Наконец наступил день, когда мы с отцом поехали в аэропорт. Самолет чуть опоздал, потом пассажиры очень долго проходили таможенный контроль, в конце концов, они вышли, и мы бросились обнимать Пилар. Андерс стоял сзади с чемоданами. Отец обнял его и поцеловал, пока мы целовались с бабушкой. Наконец я повернулась к нему и обняла за шею, собираясь поцеловать в щеку. Глупо делать вид, что мы друг для друга не существуем, он все-таки мой родственник! Я почувствовала, как у него напряглась шея, словно он не хотел подставлять мне щеку для поцелуя. Я увидела близко его лицо и поразилась его сходству со своими детскими фантазиями о лермонтовском Демоне. Черты лица были скульптурны, большие темные глаза словно обведены черной краской, так густы ресницы. Я закрыла глаза, чтобы это не видеть и услышала его вздох сквозь зубы. Мы уселись в машину. Я оказалась между Пилар и Андерсом. Он сидел совершенно спокойно и неподвижно, я повернулась к бабушке, но боком чувствовала его тело рядом с собой. Я не могла дождаться, когда мы приедем, но не имела ничего против того, чтобы ехать так вечно. Черт побери, впечатление оказалось сильнее, чем я рассчитывала!
Мы приехали домой к отцу. Пилар, войдя в квартиру, расплакалась. Здесь прошла ее молодость, здесь она была счастлива с мужчиной, которого любила настолько, что уехала за ним на край света, - может быть, с единственным любимым мужчиной в жизни. Они долго стояли, обнявшись, мать и сын, а мы молчали, боясь нарушить их воспоминания. Наконец мы сели пить чай, а Пилар я сварила кофе, который она похвалила. Потом отец уговорил ее немного отдохнуть. Он вспомнил, что нужно купить фруктов и побежал в магазин. Мы остались в кабинете одни, и Андерс вдруг сказал напряженным звенящим голосом:
- Инга, ты простишь меня?
- За что? - удивилась я, - разве ты в чем-то виноват?

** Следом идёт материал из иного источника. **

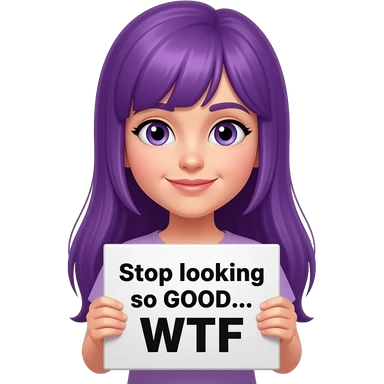 girl with long purple hair holding a Stop looking so GOOD... WTF sign emoji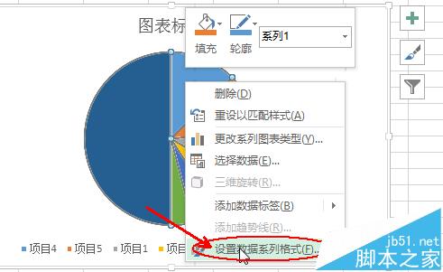 3、表格中已经生成一个饼图,左侧的蓝色图形是汇总结果的数据占比,选中饼图,右击,选择设置数据系列格式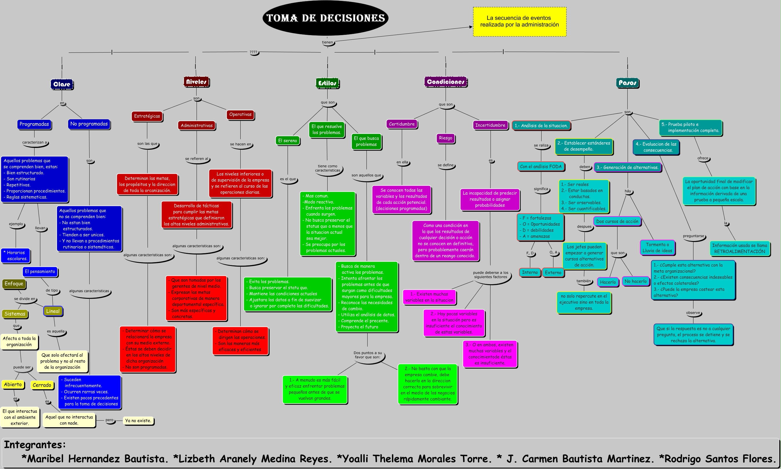 Este Cmap, tiene información relacionada con: Toma de Decisiones, Afecta a toda la organización puede ser Cerrado, Aquellos problemas que se comprenden bien, estan: - Bien estructurado. - Son rutinarios - Repetitivos. - Proporcionan procedimientos. - Reglas sistematicas. llevan El pensamiento, 3.- Generación de alternativas. háy Tormenta o Lluvia de ideas, Certidumbre en ella Se conocen todas las variables y los resultados de cada acción potencial. (decisiones programadas), 2.- Establecer estánderes de desempeño. deben 1.- Ser reales 2.- Estar basados en conductas. 3.- Ser orservables. 4.- Ser cuantificables., Abierto es El que interactua con el ambiente exterior., Condiciones que son Incertidumbre, El que resuelve los problemas. tiene como caracteristicas - Mas comun. -Modo reactivo. - Enfrenta los problemas cuando surgen. - No busca preservar el status quo a menos que la situacion actual sea mejor. - Se preocupa por los problemas actuales., Sistemas que Afecta a toda la organización, ???? ????, ???? Pasos, ???? Estilos, Incertidumbre es La incapacidad de predecir resultados o asignar probabilidades, Pasos son 3.- Generación de alternativas., ???? Clase, La oportunidad final de modificar el plan de acción con base en la información derivada de una prueba a pequeña escala. la Información usada se llama RETROALIMENTACIÓN, Estilos que son El que resuelve los problemas., Aquellos problemas que no se comprenden bien: - No estan bien estructurados. - Tienden a ser unicos. - Y no llevan a procedimientos rutinarios o sistemáticos. algunas caracteristicas - Suceden infrecuentemente. - Ocurren rarras veces. - Existen pocos precedentes para la toma de decisiones, Estilos que son El sereno, La incapacidad de predecir resultados o asignar probabilidades puede deberse a los siguientes factores 3.- O en ambos, existen muchas variables y el conocimientode éstas es insuficiente.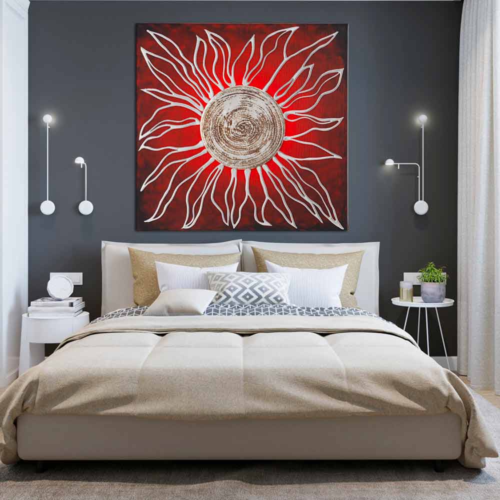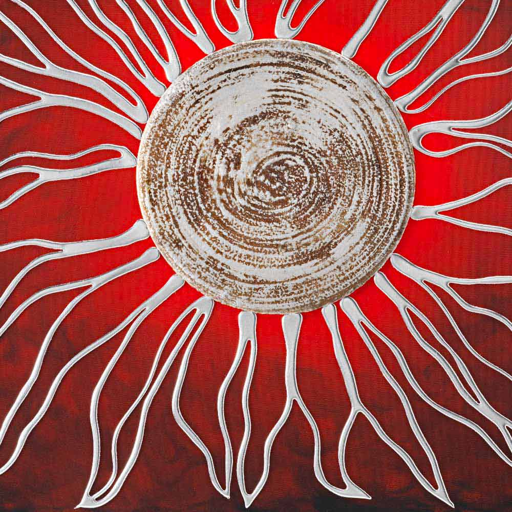 Hand-verfraaide canvasstructuur met rode achtergrond en in reliëf gemaakt materieel werk, centraal element en zilveren bladstralen.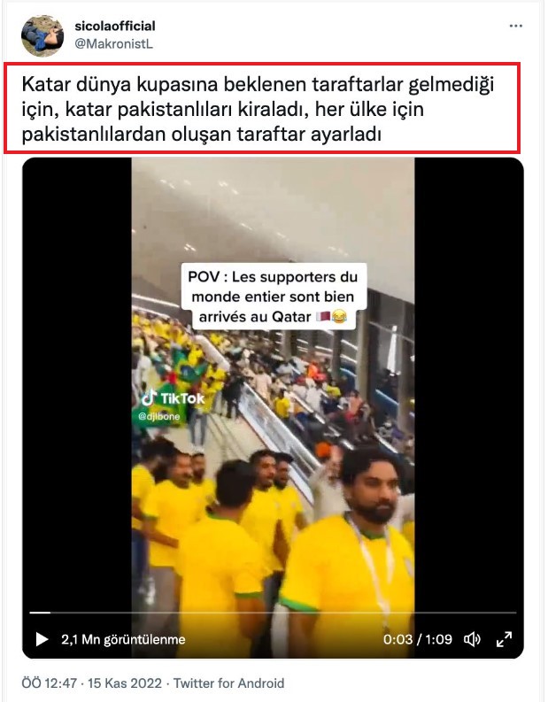 İddiaya dəstək olaraq təqdim olunan videoda müxtəlif ölkələrin formasını geyinən azarkeşlər var. Videodakı insanların əksəriyyətinin kişilər olduğunu da söyləmək olar. 15 noyabr 2022-ci ildə “Twitter”də paylaşılan videoya 2 milyon dəfədən çox baxılıb.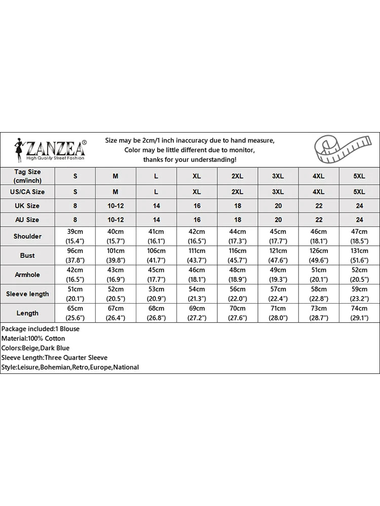 | Package included:1 Blouse Material:100% Cotton Colors:Beige,Dark Blue Sleeve Length:Three Quarter Sleeve Neckline:O-Neck Pattern:Floral Embroidery Thickness:Thin Features:Puff Sleeve Style:Leisure,Bohemian,Retro,Europe,National Season:Spring,Summer,Autumn Occasion:Family,Party,Beach,Wedding,Holiday,Employment Label: Yes Attentions: 1.The Real Object May Exist Slightly Colors Differences Compared To Images As Different Computers Display.Caution If Minding,Thanks. 2.There Might Be A Manual Measuring 1-3 cm Error.Sorry For Any Inconvenience. 3.Please Prevail On Real Item, Model Images For Reference Only. 4.Attention!!!Please check the size chart carefully before placing the order.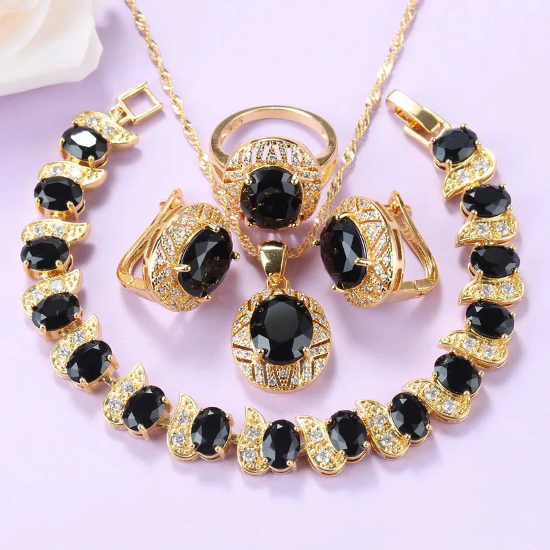 AAA + качественные наборы ювелирных изделий золотого цвета для женщ...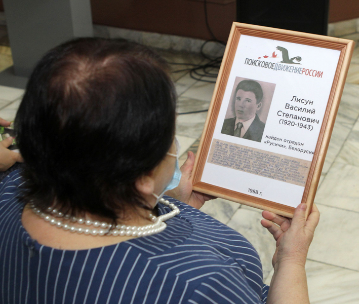 Среди тех, кому сегодня передали памятные вещи - семья Василия Степановича Лисуна, погибшего в Белоруссии под Оршей. Его поисковики нашли еще в 1988 году, но тогда родственников найти не удалось. Однако благодаря помощи руководителя общества «Мемориал» Алексея Бабия и инспекторов Отдела по вопросам миграции ОП № 4 МУ МВД России «Красноярское» удалось не только найти родных, которые живут в Красноярске, но и узнать о семье Василия Степановича. В ней до сих пор бережно хранят портрет дяди, а в последние годы пытались найти информацию о нем.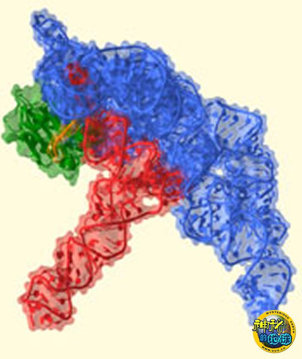 一旦RNA酶P识别了tRNA,就会停下来并被一个金属离子捕获,断开一个化学键,使tRNA转变成熟的、能参与生命活动的物质。RNA酶就是这样在细胞里一次又一次地运作着。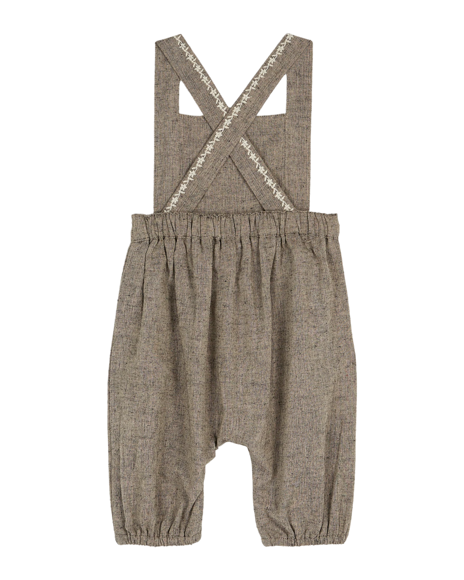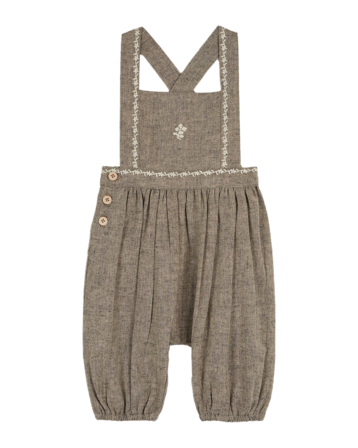 Salopette en coton brun chiné. Le pantalon, dont les jambes sont élastiquées aux chevilles, est froncé à la taille et s'adapte même aux plus dodues et aux plus menues grâce à l'élastique glissé dans la ceinture du dos. La bavette est fixée à la ceinture et est cadrée de chaque côté par les bretelles. Elles se croisent dans le dos et s'ajustent à toutes les longueurs de buste avec des boutons cousus à la ceinture qui se glissent dans des boutonnières étagées.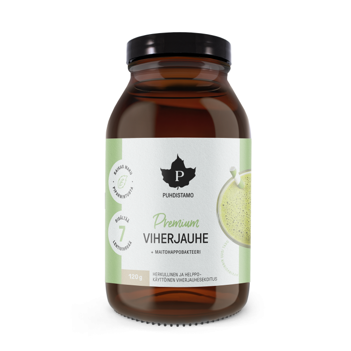 Premium Viherjauhe + Maitohappobakteeri on markkinoiden ravinnerikkain ja monipuolisin viherjauhesekoitus. Tämä hyvänmakuinen ja mintunraikas viherjauhesekoitus tarjoaa sekä viherjauheiden että maitohappobakteerien hyödyt samasta purkista, ilman makeutusaineita. Maitohappobakteerina on käytetty erittäin tehokasta itiömuotoista Lactospore®maitohappobakteeria (Bacillus coagulans MTCC 5856).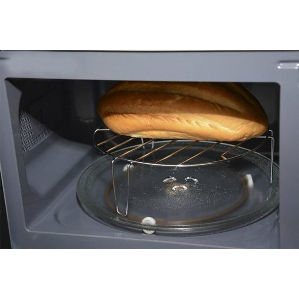 Ngoài nướng thực phẩm, người dùng dùng lò vi sóng Sharp để nướng các loại bánh như bánh gato, bánh mỳ... Đĩa xoay thủy tinh có đường kính 255mm, thanh nướng làm bằng chất liệu thạch anh cực bền, chịu nhiệt tốt.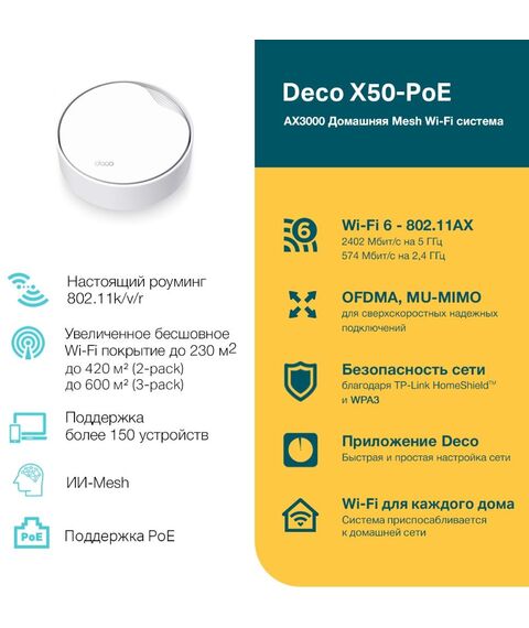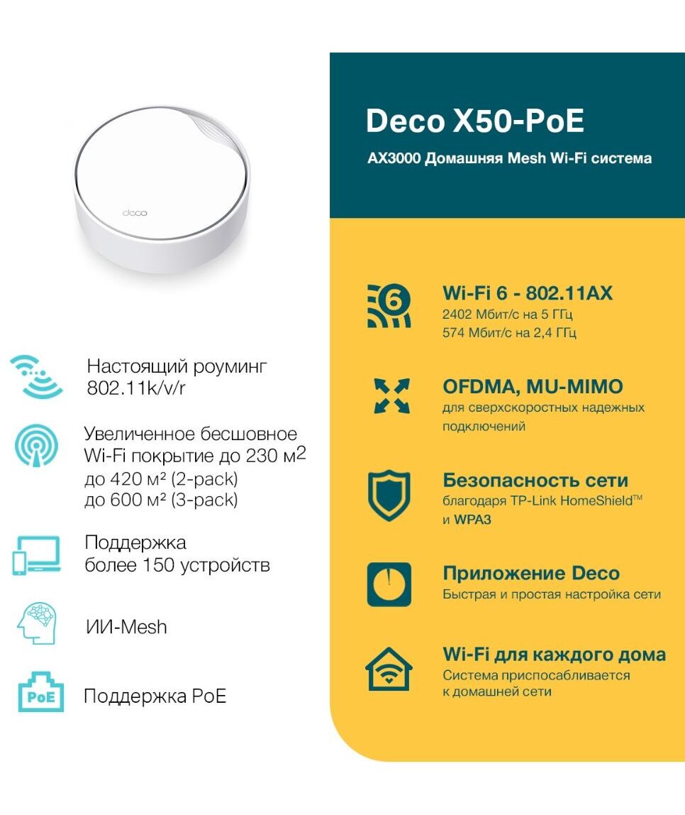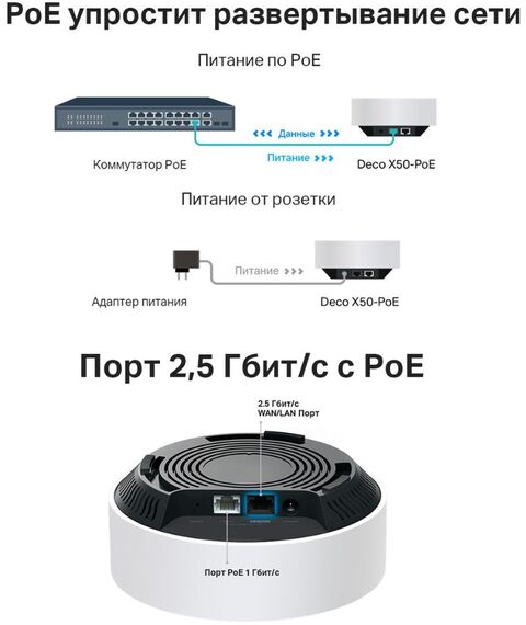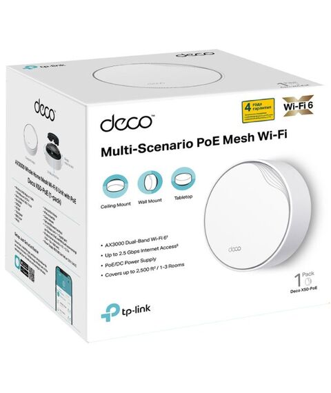 Бесшовный Mesh роутер TP-Link Deco X50-PoE(1-pack) AX3000 1000/2500BASE-T белый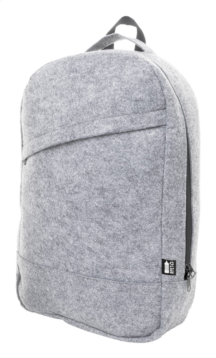 Rucsac din fetru RPET, cu compartiment principal cu fermoar și buzunar frontal. Cu compartiment pentru laptop (15"), curea pentru cărucior și curele de umăr căptușite. Cu etichetă distinctivă RPET.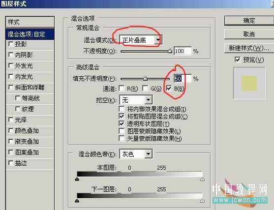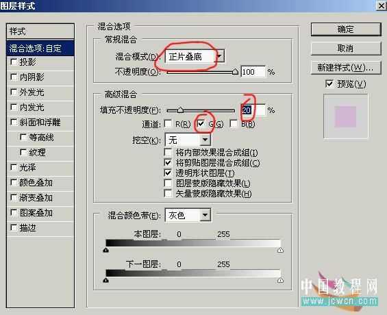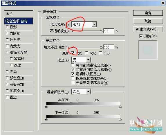 3。在此图层上进行混合选项,并对其设置如下:要注意我用红笔画圈的地方噢。。。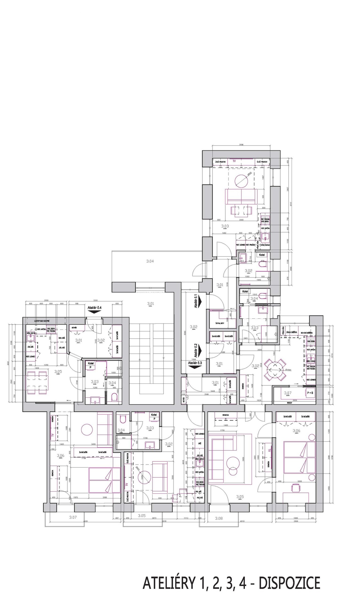 3.NP - 430m2 – kanceláře, služby + část podlaží volná z důvodu plánového přebudování na 4 ateliéry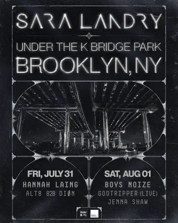 Sara Landry - Saturday takes place at Under the K Bridge in New York City, Unknown on August 1, 2026. Featuring Sara Landry, Boys Noize. Techno, Electro.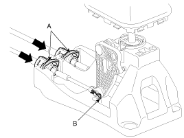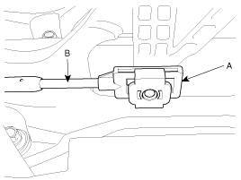 Remove the snap pin (B) and the clip (A) from the select cable assembly.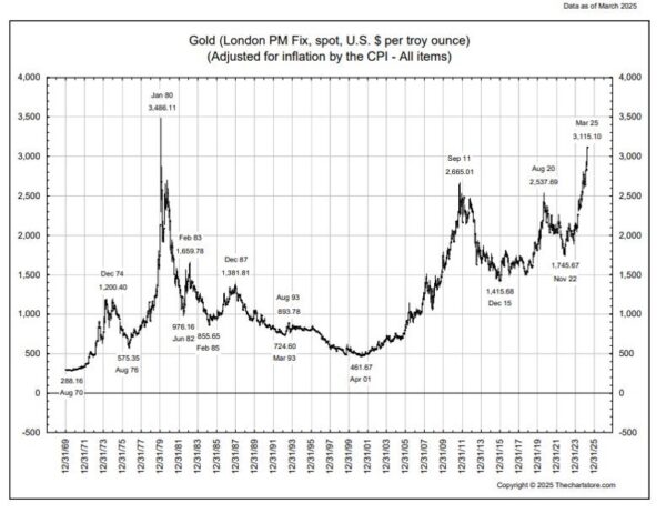 The 1980 inflation-adjusted gold price high was $3,486.11, according to TheChartStore.com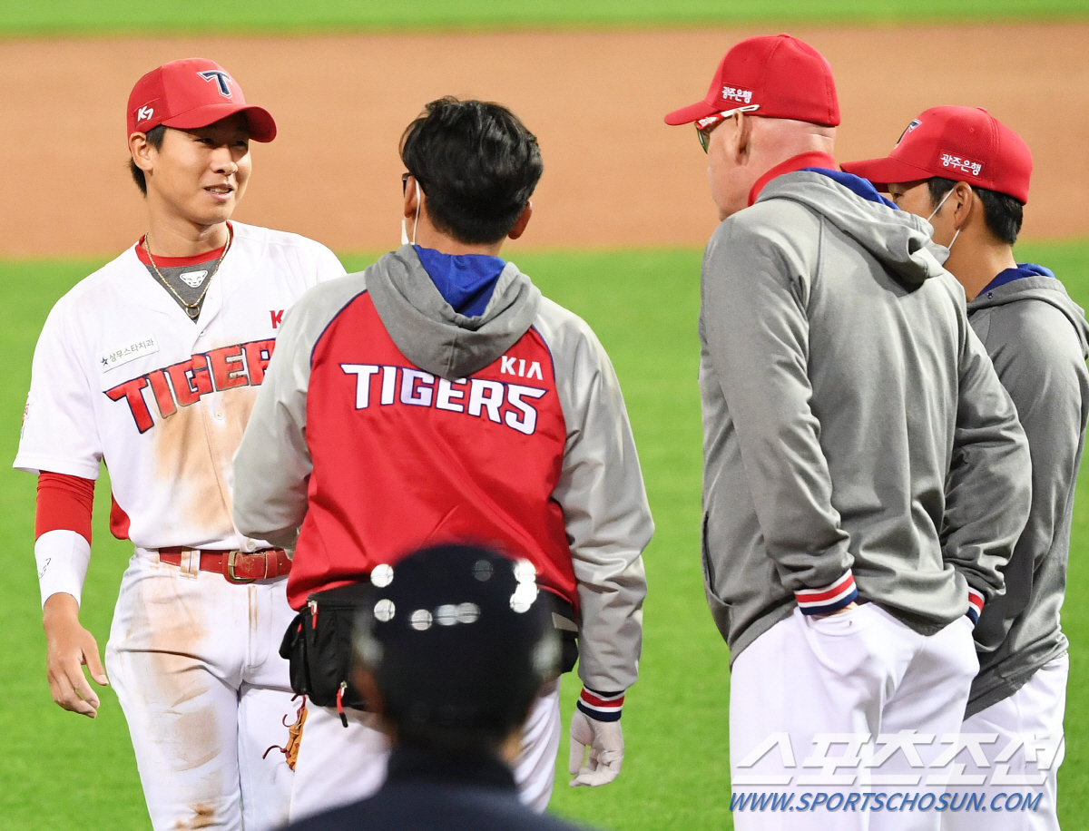 [광주=스포츠조선 김진회 기자] 본능적인 행동이었는데 KBO리그에선 약간 생소한 장면이 19일 연출됐다.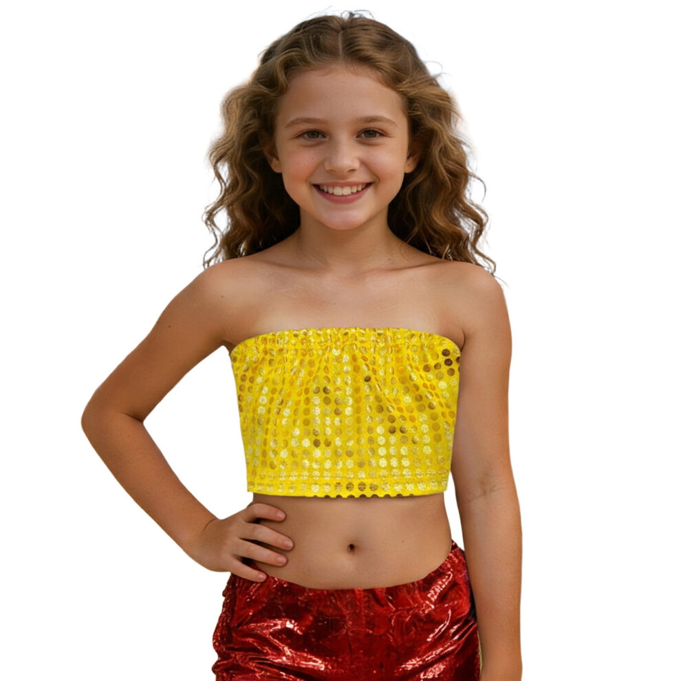 AWZXDE Girls Sparkly Sequin Wrap Crop Bandeau Top For Dance Cheerleading Photo And Kids Tops Apparel Gold,10-11 Years

- Да. Я знаю, что ты ждала от меня большей сердечности. Мы переживаем с тобой трагедию. Даже если ты меня не любишь, - он запнулся, - тебя должна была затронуть эта история. Но понимаешь, - объяснил он более уверенно, - мама была так счастлива, что нашла сына и тебя. Я чувствовал себя, словно под гипнозом. Не мог я отравить ее радость сознанием, что одновременно она убивает меня. Она не догадывается, что я люблю тебя...
Я открыла рот сказать, что Пилар еще в Катманду знала это, но потом подумала - а что это изменит? Что бы мы теперь не рассказывали друг другу о чужих и наших чувствах, все равно на это наложен запрет. Я лишь помотала головой.
- Инга, больше всего я жалею, что не могу теперь сделать твою жизнь счастливой. Как же ты будешь жить без меня? Я-то без тебя точно не смогу, - произнес отчаянным голосом Андерс, - Ну скажи хоть что-нибудь!
- Андерс, я не хочу это обсуждать даже с тобой! Это слишком несправедливо!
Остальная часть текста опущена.